Dr. Hanan Ashrawi - leaving the pragmatic approach in favor of the extremists? (Image via Wikipedia)

 

A friend of mine recommended I read a recent interview with the senior Palestinian activist, Dr. Hanan Ashrawi. Dr. Ashrawi gave this interview to the Israeli Maariv-affiliated local newspaper “Zman Yerushalayim”, issued in Jerusalem in Hebrew. Commenting in English on an interview published in Hebrew might seem a bit unfair, and yet Ashrawi’s statements have been heard in various languages from many Palestinian mouthpieces, and it is important to reveal the acute problems embedded in them.

Dr. Ashrawi is considered one of the most intelligent, eloquent and pragmatic among Palestinian activists. She seems like the ideal person with whom to reach a peaceful settlement and end years of misery. And yet, in this interview, and despite the resumption of direct peace negotiations between the Israeli and Palestinian governments, Dr. Ashrawi joins the extremists among Palestinian Arabs. Her eloquent diplomatic language might fool certain people, but for the common Israeli, her words are frustrating and echoes some of the harsh statements of the 1964 Palestinian National Convenant.

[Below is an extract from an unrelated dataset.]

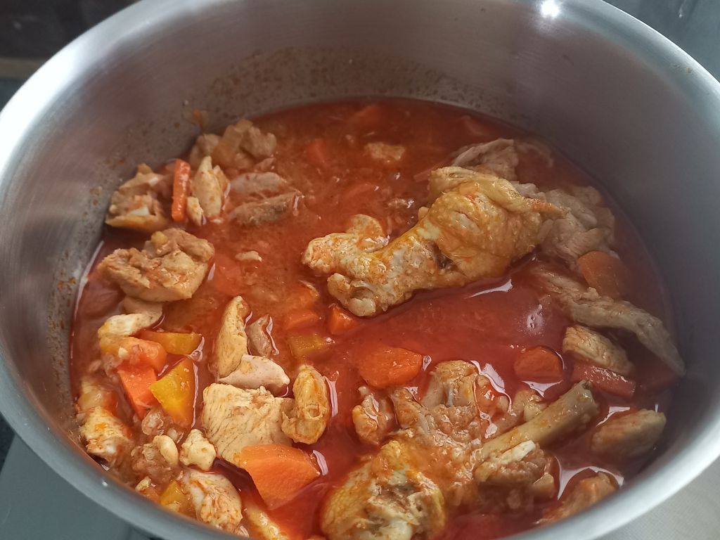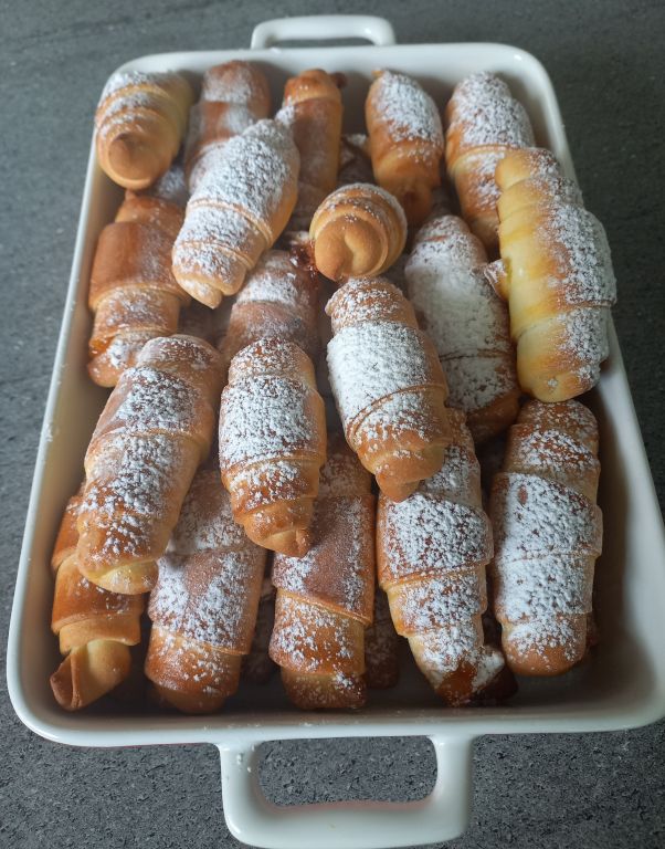 Piščančji paprikaš, fuži, zelena solata; kifeljčki

“Everything can be worked out”

The interview starts from its end, the interviewer Eli Oshrov says he told Dr. Ashrawi at the end of the interview that the provisions she stipulated throughout the interview would be unacceptable to most Israelis. “Everything can be worked out”, she replies, but to be honest, I don’t see how, unless she was trying to present high Palestinian demands as a kind of tactic. If it is indeed a tactic, it is a dangerous one, and Ashrawi should do without it.

UN GA resolution 194

Dr. Ashrawi starts with the Palestinian demand to let the Palestinian refugees resettle in the Israeli territory, and cites the UN General Assembly resolution 194 from December 1948. Dr. Ashrawi reiterates an old Palestinian claim as if there were an international resolution ordering Israel to accept “the right of return” of Palestinian refugees. There is little truth in this claim. First of all, the resolution is merely a recommendation, not a compelling decision. The resolution does not talk about “right” of return, but merely calls for the repatriation of refugees who wish to live in peace with their neighbors. Needless to say, the Palestinian leadership did not accept the latter condition at the time, and the Jordanian Government ignored many other paragraphs in the resolution, like the call to allow free access to Jerusalem and Bethlehem and make them cities under international rule.  Furthermore, in December 1948, the State of Israel was about seven months old. The UN did not recognize it yet, and the resolution still uses the old British Mandate terminology. In 1949 the UN recognized Israel as a sovereign state and UN member, a recognition that makes GA resolution 194 obsolete, at least within the “Green Line” boundaries.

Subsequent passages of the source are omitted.